6

Context:

I'm working on a web application that uses a barcode scanner device. Users scan barcodes, I redirect them to the appropriated page.

Problem:

The scan device I'm using triggers "keypress" events ONLY when the user is in a input box element

window.addEventListener("keypress", function (event) {
    // do something with the event
}

I would like to be able to scan barcodes from ANYWHERE in my application (even when I'm not in an input box). (Yes I know that the code above will fire for every character, I have a timer based algorithm to know if it's a barcode reader or a person typing.).

So far :

I looked at this, so I tried to replace the accepted solution's selector with a more general selector (window or document) without luck. Is there other events more appropriated for this task? I'm open to suggestions on doing it another way.

--EDIT-- :

After more research I came across this. The problem is that my view might not have any input. Just plain text

Thank you

  • You could try `document.addEventListener`, but your existing code should also work. – Rick Hitchcock Aug 16 '18 at 21:09
  • Check out [this thread](https://stackoverflow.com/questions/21633537/javascript-how-to-read-a-hand-held-barcode-scanner-best) and see if it can offer you any assistance. It looks like you need to listen for a couple of events `keydown` and `textInput` – Adam H Aug 16 '18 at 21:18
  • @AdamH Thank you for the response. I don't think that [this](https://stackoverflow.com/questions/11290898/detect-when-input-box-filled-by-keyboard-and-when-by-barcode-scanner/15354814#15354814) answer will work as `$(document).on({keyup: ...` is not picking up the scanner's output. I put break points on that part and it's picking up the keyboard fine but not the scanner (when you are not in a input box). – ObjectOrientedPirate Aug 16 '18 at 22:47
  • What about the possible solutions in the question I linked? sounds like they were having the exact same issue that you were. There are a few possible solutions in that thread. – Adam H Aug 17 '18 at 14:12
  • @AdamH I went through the thread. Almost all possible solutions. But they are all assuming that there is a input box in the view. They are basically focusing the input and then reading the keypress event. But my view might not have input boxes and I wrote in my edit. I think it is currently impossible (from a javascript point of view) to get the input from a barcode scanner device if there is no input in your page you can focus to. – ObjectOrientedPirate Aug 17 '18 at 14:27
  • @ObjectOrientedPirate read this thread again, https://stackoverflow.com/questions/21633537/javascript-how-to-read-a-hand-held-barcode-scanner-best, the top answers are not suggesting you attach to an input.
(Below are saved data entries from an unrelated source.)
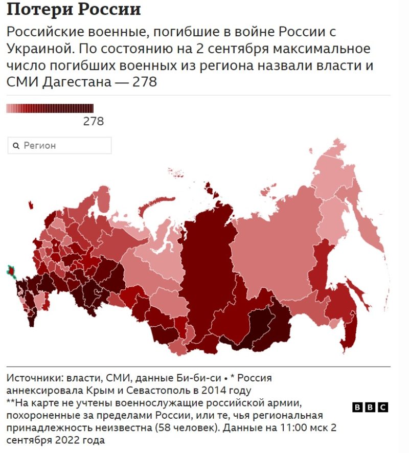 По числу потерь в российских регионах по-прежнему лидируют Дагестан (278 человек), Бурятия (256 человека) и Краснодарский край (227 человек). Для сравнения: известно лишь об 15 погибших из Москвы, хотя жители столицы составляют почти 9% населения России.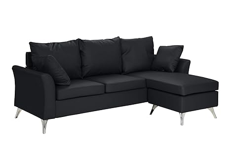 Modern Pu Leather Sectional Sofa Small Space Configurable Couch Black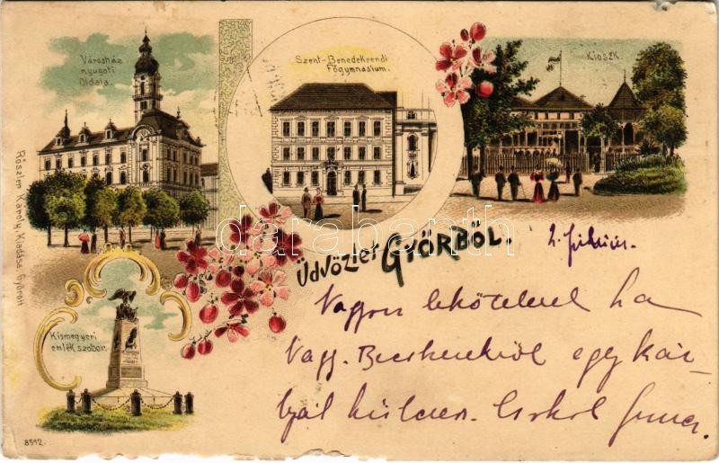 Beschreibung: 1899 (Vorläufer) Győr, Városháza, Szent Benedek rendi főgimnázium, Kioszk, Kismegyeri emlékszobor. Röszler Károly kiadása. Art Nouveau, floral, litho (szakadás / tear)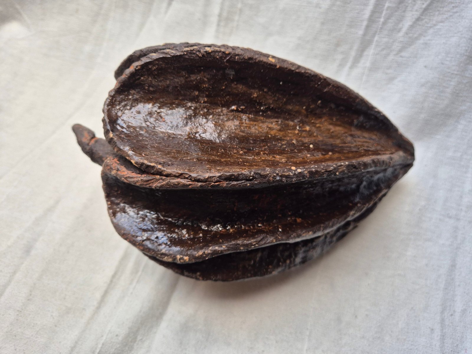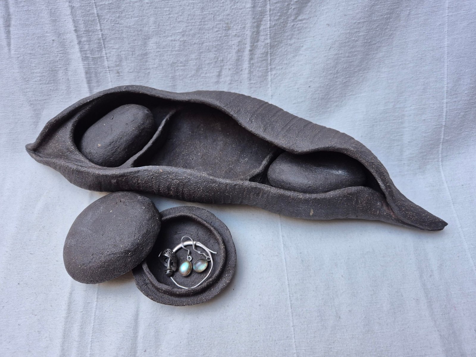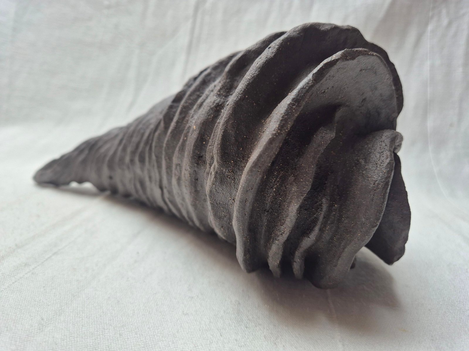 Aan de andere kant ontstaan er natuurlijke vormen van bijna zwartbakkende klei, die hooguit een subtiele oxide krijgen als accent. Deze objecten zijn altijd geïnspireerd op natuurlijke vormen, maar tijdens het maakproces laat ik intuïtie en verbeelding de vrije loop. Zo groeit ieder werk uit tot een uniek object — een spel tussen vorm, materiaal en verbeelding.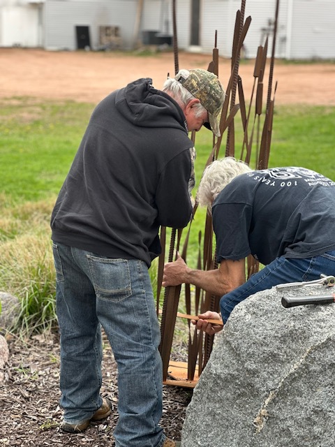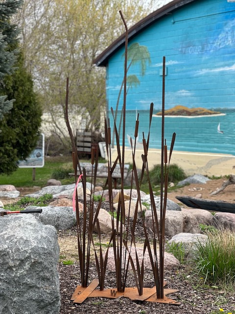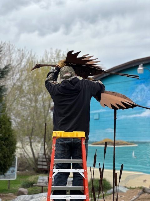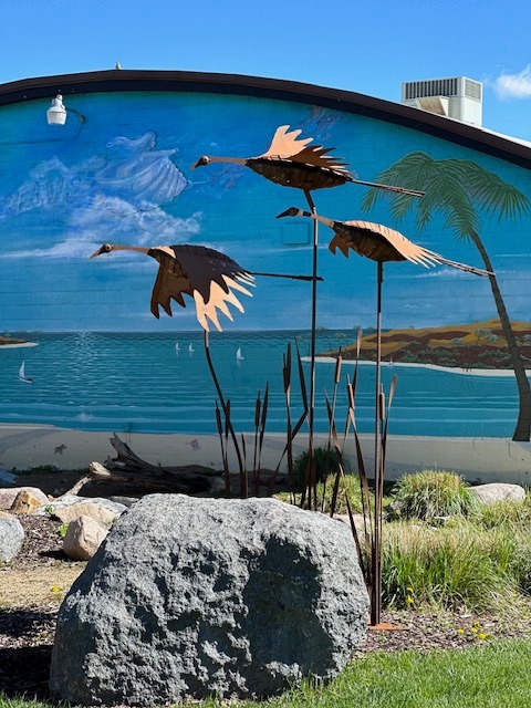 The rustic metal sculpture of cranes over cattails entitled "Taking Flight" by Vic Rouleau was installed in May, 2024 in the Art Park. The purchase of this sculpture was made possible from the proceeds of WOW's Dueling Pianos Event that is held every February at the WOWSPACE. Drop by and take a look at our cranes taking flight!

They are all attaching to either window or document and listening for either `textInput` or `keydown` – Adam H Aug 17 '18 at 15:26
  • @AdamH events ["keydown", "keyup", "keypress"] in the document are triggered (even if there is no input box). On a debugging point of view, I see that keys from keyboard trigger the above events no matter what. Sadly the barcode reader only trigger the above event if the user is focused on an input box. I gave a shot to "textInput" event but it's not working either. If I have time, I'll make a code snippet so we can both agree on the playground and test the same things – ObjectOrientedPirate Aug 17 '18 at 15:46

1 Answers1

4

Here is for people that may want to know the answer:

For some reason, the following code works with all the scanner I've tested:

document.body.addEventListener("keydown", function(e) {
    // your handler here
}, true)

Note that the boolean true can also be false. Why it didn't work for "window.addEventListener" nor for "document.addEventListener"? I don't know.